____ EXERCISE INPUTS

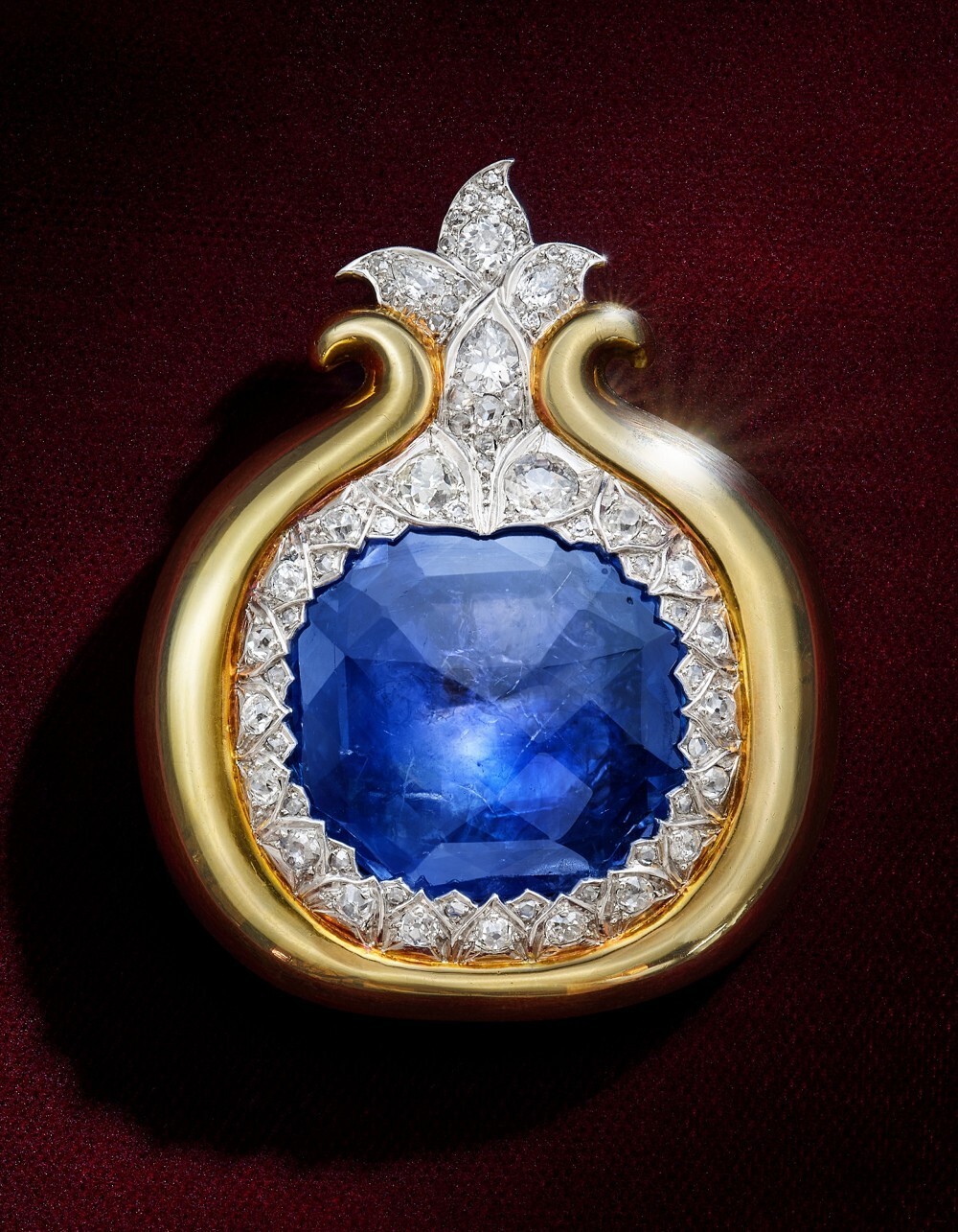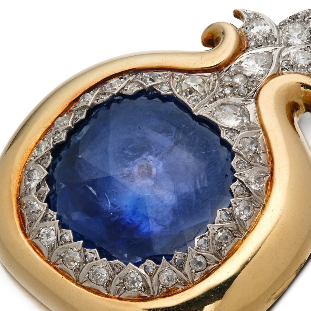 Еще одна брошь Grenade с сапфировым бриллиантом от французского ювелира Рене Бойвена, стилизованная под гранат, когда-то принадлежала французской светской львице Дейзи Феллоуз:
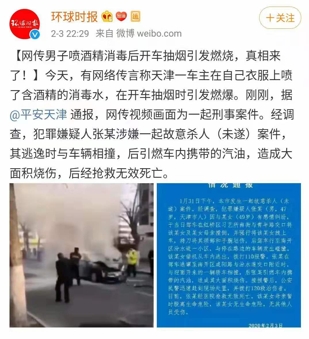 網上有傳言:天津南開區汾水道一車主因噴75%酒精濃度的消毒水,抽煙時不小心自燃,引發命案。無獨有偶,2月3日上午,武漢市硚口長風路一居民樓起火,有傳言稱起火原因是居民用高濃度酒精室內消毒。
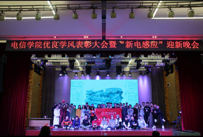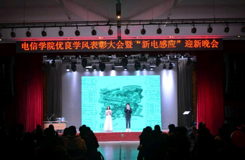 2018年12月11日晚6:30,电信扑克王下载 优良学风表彰大会暨“新电感应”迎新晚会在大兴校区大学生活动中心如期举办。电信扑克王下载 院长助理王晓辉老师,分团委书记田奔老师,文法扑克王下载 分团委书记代云老师,辅导员翟玮、高静、王景民老师,学工部干事排孜古·努尔依克木老师出席晚会,晚会由张宇彤和吴博文两位同学主持。
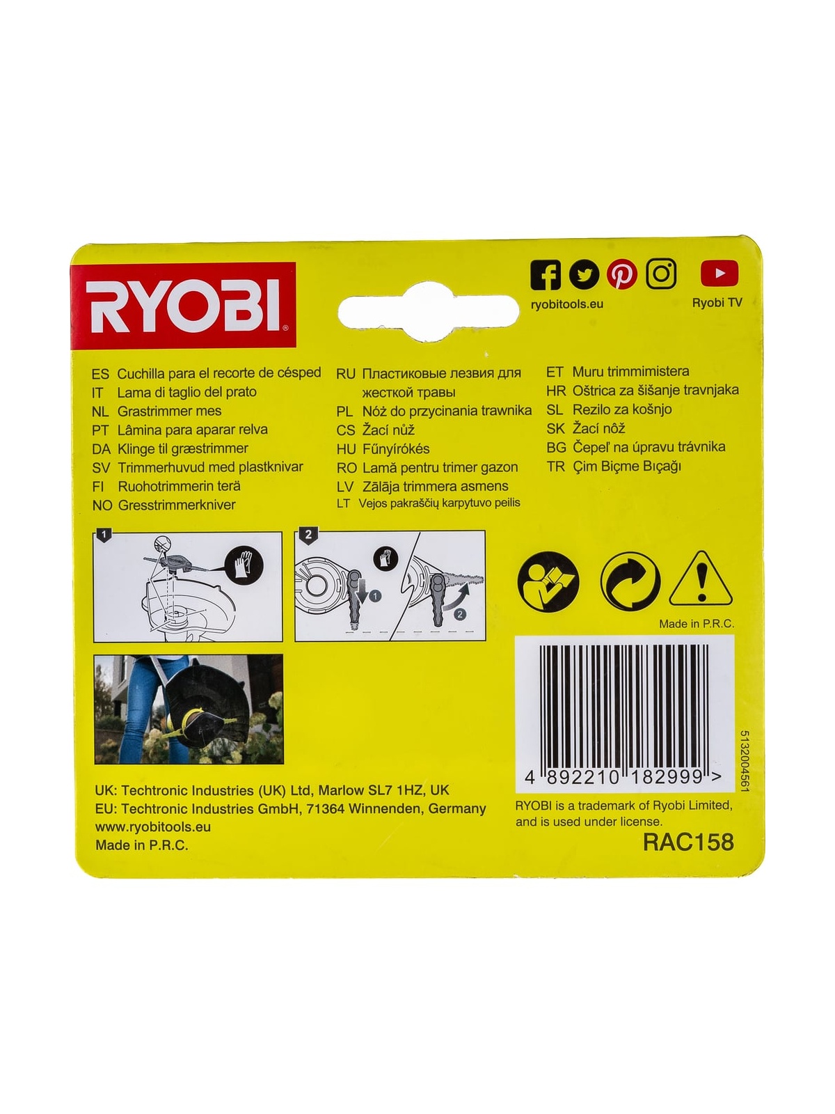 Полотна Ryobi RAC158 5132004561 подходят к триммерам RAC155 и RAC157.
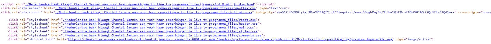 De rest van de neppagina heeft reacties van nepgebruikers die dezelfde oplichterij aanprijzen als Wilders zogenaamd doet in het artikel. In de zijlijn van de neppagina staan titels van echte AD-artikelen, zoals deze en deze. Beide zijn geschreven op 7 februari 2023, waarschijnlijk de datum waarop de neppagina in elkaar is gezet. Kijken we in de broncode van de pagina, dan zien we herhaaldelijk de kop “Nederlandse bank klaagt Chantal Janzen aan voor haar opmerkingen in live tv-programma”, wat erop duidt dat de ‘geïnterviewden’ op dit soort pagina’s steeds veranderen.

________

## PROBLEM DESCRIPTION
Only the lines from the one with "網上有傳言:天津南開區汾水道" through the last line above belong in the answer. Reproduce them exactly, without the pictures.

## ANSWER FOR THE TASK
 網上有傳言:天津南開區汾水道一車主因噴75%酒精濃度的消毒水,抽煙時不小心自燃,引發命案。無獨有偶,2月3日上午,武漢市硚口長風路一居民樓起火,有傳言稱起火原因是居民用高濃度酒精室內消毒。
 2018年12月11日晚6:30,电信扑克王下载 优良学风表彰大会暨“新电感应”迎新晚会在大兴校区大学生活动中心如期举办。电信扑克王下载 院长助理王晓辉老师,分团委书记田奔老师,文法扑克王下载 分团委书记代云老师,辅导员翟玮、高静、王景民老师,学工部干事排孜古·努尔依克木老师出席晚会,晚会由张宇彤和吴博文两位同学主持。
 Полотна Ryobi RAC158 5132004561 подходят к триммерам RAC155 и RAC157.
 De rest van de neppagina heeft reacties van nepgebruikers die dezelfde oplichterij aanprijzen als Wilders zogenaamd doet in het artikel. In de zijlijn van de neppagina staan titels van echte AD-artikelen, zoals deze en deze. Beide zijn geschreven op 7 februari 2023, waarschijnlijk de datum waarop de neppagina in elkaar is gezet. Kijken we in de broncode van de pagina, dan zien we herhaaldelijk de kop “Nederlandse bank klaagt Chantal Janzen aan voor haar opmerkingen in live tv-programma”, wat erop duidt dat de ‘geïnterviewden’ op dit soort pagina’s steeds veranderen.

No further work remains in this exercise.